• Instructions for the task:
Within the entries below, output exactly the lines between the line containing "Lístkové náušnice v" and the line containing "Cooles Muster mit", inclusive, and omit any picture.

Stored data
- - -

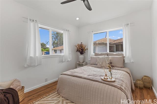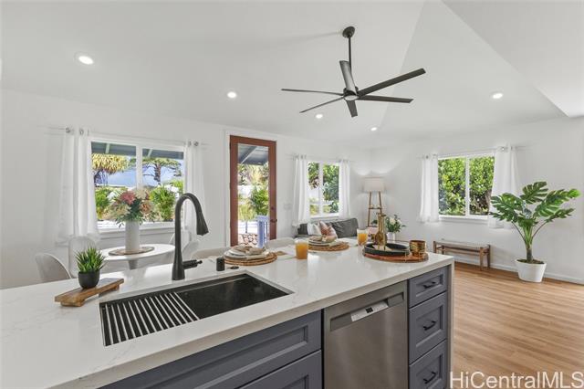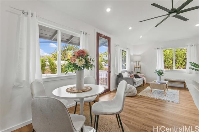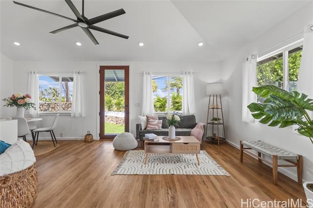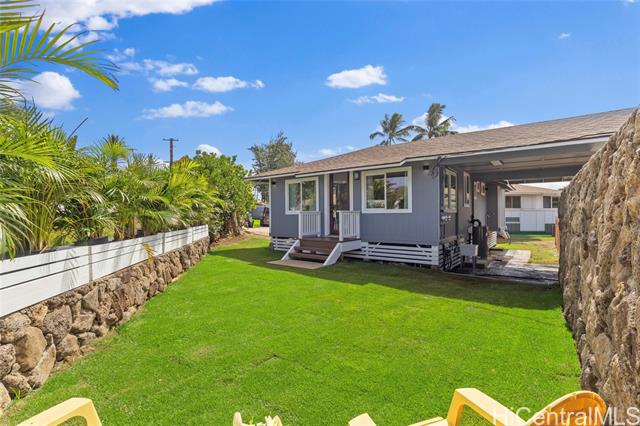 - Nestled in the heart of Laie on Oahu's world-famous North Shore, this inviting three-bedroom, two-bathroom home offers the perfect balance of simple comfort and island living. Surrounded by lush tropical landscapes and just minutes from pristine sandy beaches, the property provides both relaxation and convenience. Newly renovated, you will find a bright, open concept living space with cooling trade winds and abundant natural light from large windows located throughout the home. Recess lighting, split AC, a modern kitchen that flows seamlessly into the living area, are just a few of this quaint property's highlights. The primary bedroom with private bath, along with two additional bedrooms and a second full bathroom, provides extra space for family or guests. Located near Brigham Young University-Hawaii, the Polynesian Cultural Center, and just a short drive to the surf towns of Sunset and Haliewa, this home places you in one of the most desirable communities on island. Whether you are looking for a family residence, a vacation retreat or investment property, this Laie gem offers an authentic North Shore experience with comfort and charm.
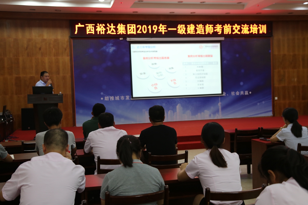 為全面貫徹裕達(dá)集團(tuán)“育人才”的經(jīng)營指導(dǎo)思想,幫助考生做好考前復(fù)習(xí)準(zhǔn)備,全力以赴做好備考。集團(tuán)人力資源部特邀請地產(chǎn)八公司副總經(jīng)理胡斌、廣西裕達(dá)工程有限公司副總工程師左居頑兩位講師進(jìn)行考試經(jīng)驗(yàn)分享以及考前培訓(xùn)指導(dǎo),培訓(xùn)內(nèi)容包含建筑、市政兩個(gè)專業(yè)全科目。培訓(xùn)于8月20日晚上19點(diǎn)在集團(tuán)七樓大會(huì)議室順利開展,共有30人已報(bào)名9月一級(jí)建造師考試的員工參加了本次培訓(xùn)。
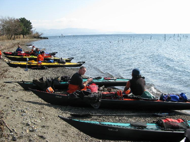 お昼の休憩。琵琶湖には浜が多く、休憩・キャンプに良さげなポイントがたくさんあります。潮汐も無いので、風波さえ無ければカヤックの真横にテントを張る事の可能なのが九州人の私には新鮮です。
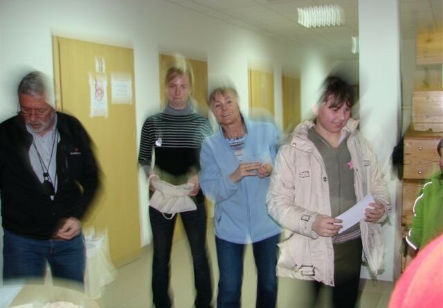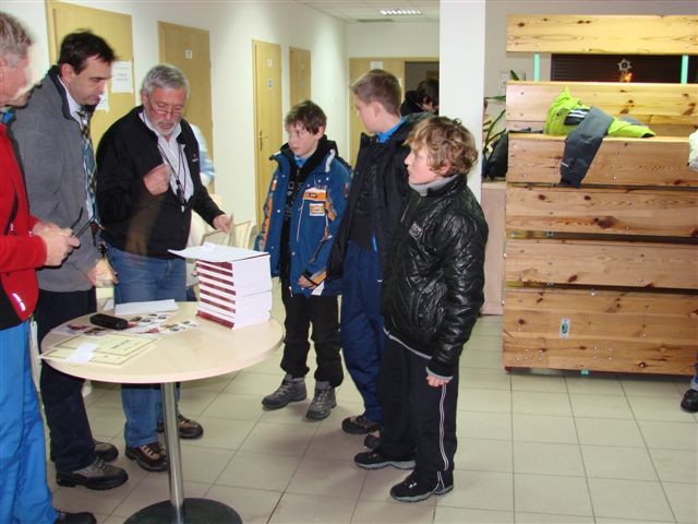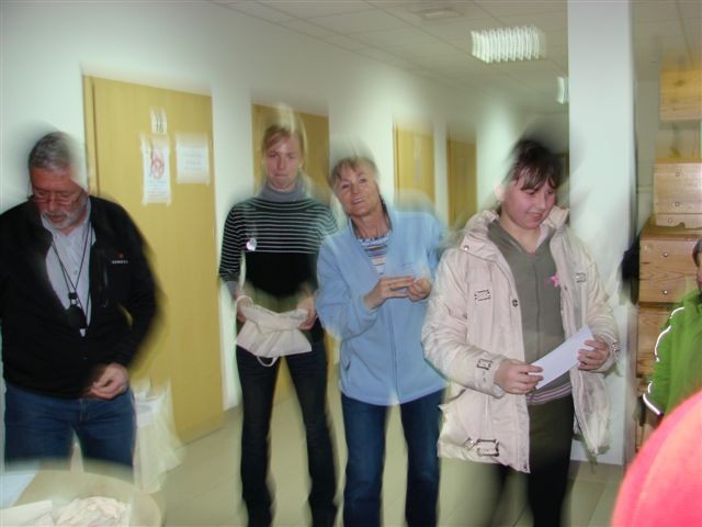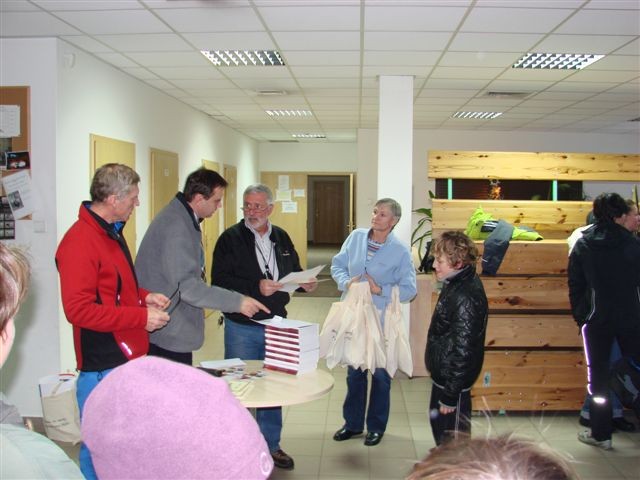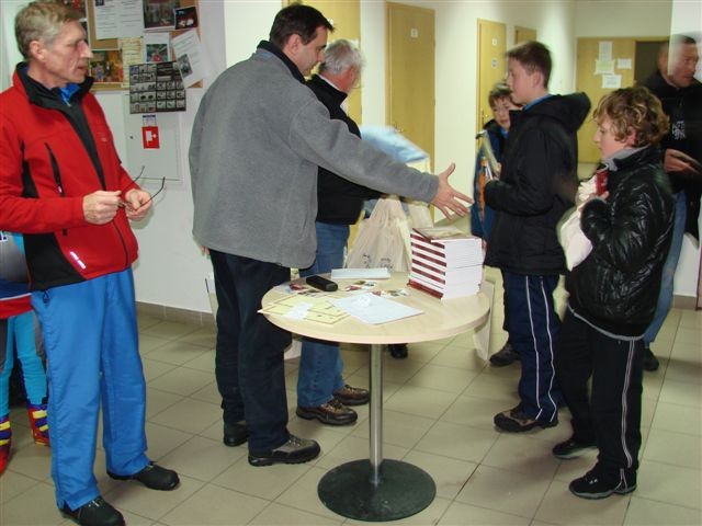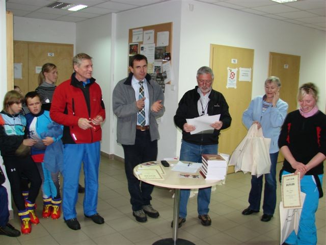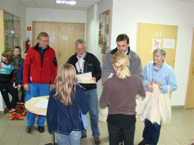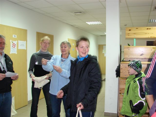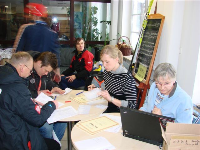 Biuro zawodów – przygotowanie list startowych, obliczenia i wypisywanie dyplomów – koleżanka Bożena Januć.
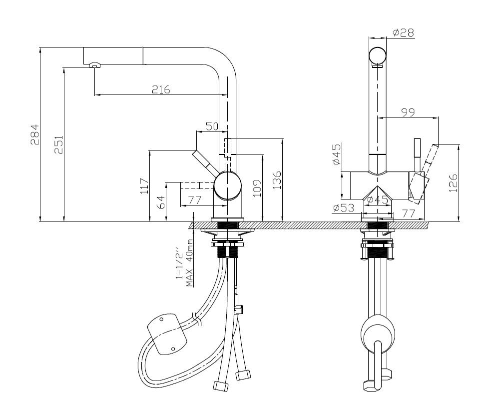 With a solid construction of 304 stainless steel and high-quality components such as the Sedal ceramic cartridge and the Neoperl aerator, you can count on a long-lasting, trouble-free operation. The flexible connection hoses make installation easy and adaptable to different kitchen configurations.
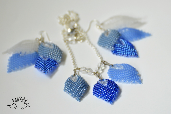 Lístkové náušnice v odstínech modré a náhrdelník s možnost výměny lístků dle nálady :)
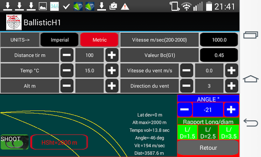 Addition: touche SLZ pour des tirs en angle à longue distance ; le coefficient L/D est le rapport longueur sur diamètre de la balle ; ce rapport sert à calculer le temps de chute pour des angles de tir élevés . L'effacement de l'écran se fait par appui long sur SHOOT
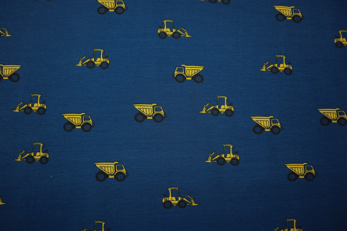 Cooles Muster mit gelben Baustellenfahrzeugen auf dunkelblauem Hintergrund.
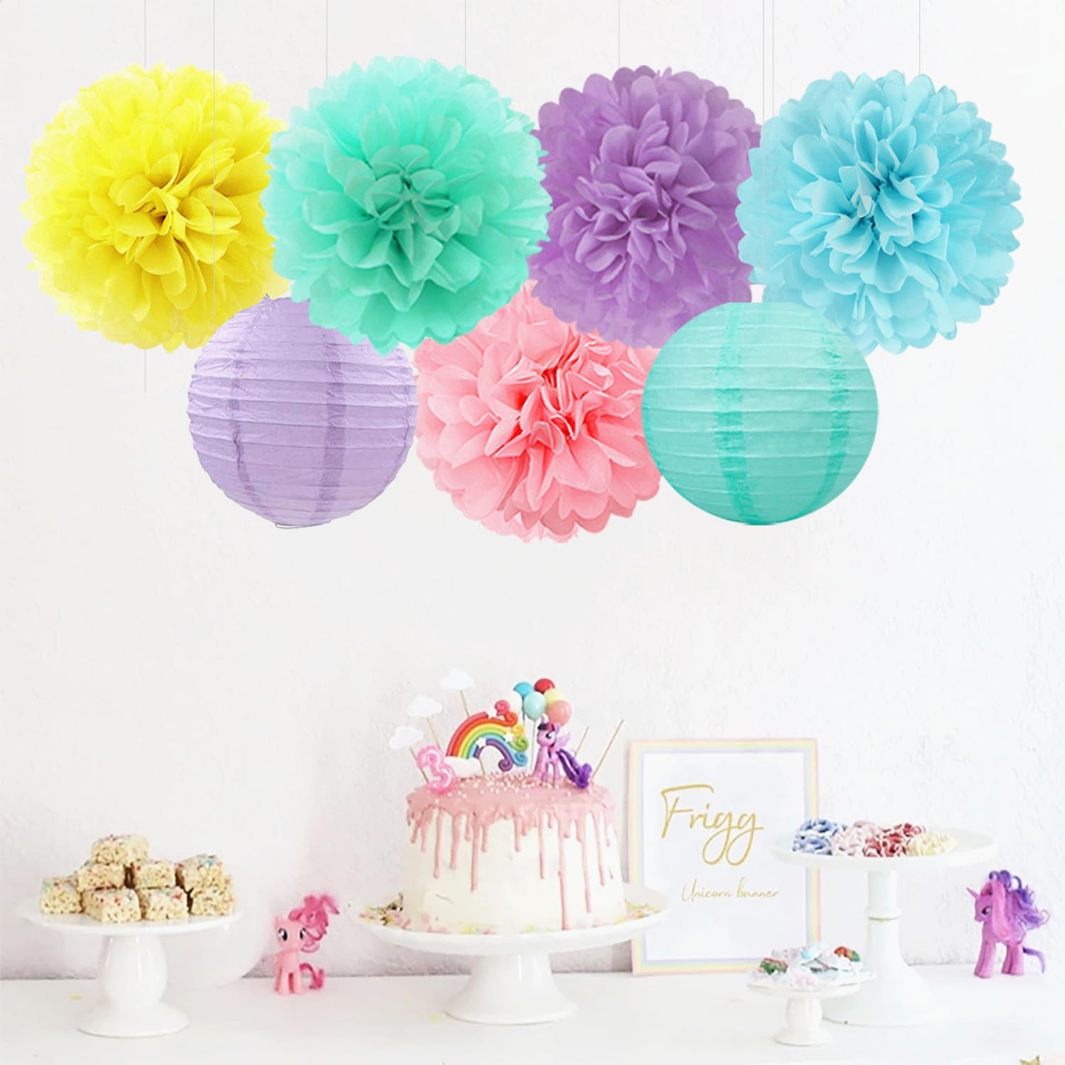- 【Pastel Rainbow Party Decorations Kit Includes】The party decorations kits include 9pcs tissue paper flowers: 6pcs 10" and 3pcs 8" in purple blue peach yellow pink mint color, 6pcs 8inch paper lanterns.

- - -

• Solution for this exercise:
 Lístkové náušnice v odstínech modré a náhrdelník s možnost výměny lístků dle nálady :)
 Addition: touche SLZ pour des tirs en angle à longue distance ; le coefficient L/D est le rapport longueur sur diamètre de la balle ; ce rapport sert à calculer le temps de chute pour des angles de tir élevés . L'effacement de l'écran se fait par appui long sur SHOOT
 Cooles Muster mit gelben Baustellenfahrzeugen auf dunkelblauem Hintergrund.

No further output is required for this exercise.